Although evidence provided by a VE "generally should be consistent" with the DOT, "[n]either the [ Dictionary of Occupational Titles ] nor the [vocational expert] ... evidence automatically 'trumps' when there is a conflict." Massachi v. Astrue, 486 F.3d 1149, 1153 (9th Cir. 2007) (citing SSR 00-4p). Thus, the ALJ must first determine whether a conflict exists. If it does, the ALJ must then determine whether the vocational expert's explanation for the conflict is reasonable and whether a basis exists for relying on the expert rather than the DOT. Id. Where the ALJ fails to ask the VE is the positions are consistent with the DOT, the Court is unable to determine whether substantial evidence supports the ALJ's finding at step five. Id.

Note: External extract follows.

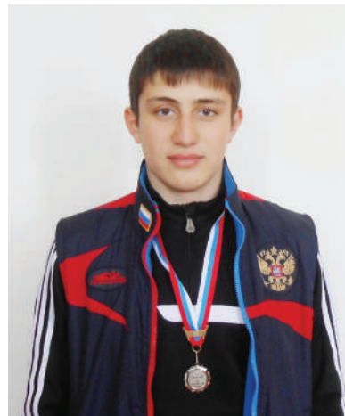
С 10 по 17 апреля во Владикавказе прошел всероссийский турнир по боксу, в котором участвовали более трехсот сильнейших боксеров

страны и нового региона РФ – Республики Крым. Организаторы турнира – Министерство спорта и туризма России, Министерство по делам молодежи, физической культуры и спорта РСО-А, Федерация бокса России и Федерация бокса РСО-А.

ALJ Berry's findings state as follows:

The vocational expert testified that given all of these factors the individual would be able to perform the requirements of representative unskilled light occupations such as bottling-line attendant, 920.687-042 (1,000 jobs in California and 7,500 nationally); case splitter, 525.687-014 (900 jobs in California and 9,800 nationally); and housekeeping cleaner, 323.687-014 (18,900 jobs in California and 143,300 nationally). Pursuant to SSR 00-4p, the vocational expert's testimony is consistent with the information contained in the Dictionary of Occupational Titles. Based on the testimony of the vocational expert, the undersigned concludes that, considering the claimant's age, education, work experience, and residual functional capacity, the claimant has been capable of making a successful adjustment to other work that exists in significant numbers in the national economy. A finding of "not disabled" is therefore appropriate . . ..

AR 28. When there is an apparent unresolved conflict, the ALJ must inquire, on the record, about the inconsistency, and must obtain a reasonable explanation for the conflict. SSR 00-4p, 2000 WL 1898704, at *2. The failure to do so constitutes procedural error. Massachi, 486 F.3d 1149, 1153-54 & n. 19. Such error is harmless, however, if there was no conflict or if the VE provided sufficient support for his or her conclusion so as to justify any potential conflicts. Id. at 1154, n. 19.

Here, the ALJ failed to ask the VE whether his testimony conflicted with the DOT and, if so, whether there was a reasonable explanation for the conflict. AR 54-88. Nevertheless, the failure to ask about a conflict is harmless where there is no conflict or where the VE provided sufficient support for his or her conflict "so as to justify any potential conflicts." Massachi v. Astrue, 486 F.3d at 1154, n. 19. VE Chaparro provided three job titles that Plaintiff could perform. Plaintiff has identified only one of the three positions as conflicting with the DOT: bottling line attendant. The other two positions identified by the VE satisfy the Commissioner's burden at step five, and sufficiently support the decision. According to the uncontradicted testimony of the VE, a total of 19,800 jobs in California remain available in the case splitter and housekeeping cleaner categories; 153,100 of such positions are available nationally.*fn4 AR 81-82.

Therefore, because the case splitter and housekeeping cleaner positions identified by the VE do not conflict with the DOT, the ALJ's failure to ask the VE whether or not his testimony conflicted with the DOT is harmless error.


Based on the foregoing, the Court finds that the ALJ's decision is supported by substantial evidence in the record as a whole and is based on proper legal standards. Accordingly, this Court DENIES Plaintiff's appeal from the administrative decision of the Commissioner of Social Security. The Clerk of this Court is DIRECTED to enter judgment in favor of Defendant Michael J. Astrue, Commissioner of Social Security and against Plaintiff, Wilbert C. Sebbern, Jr.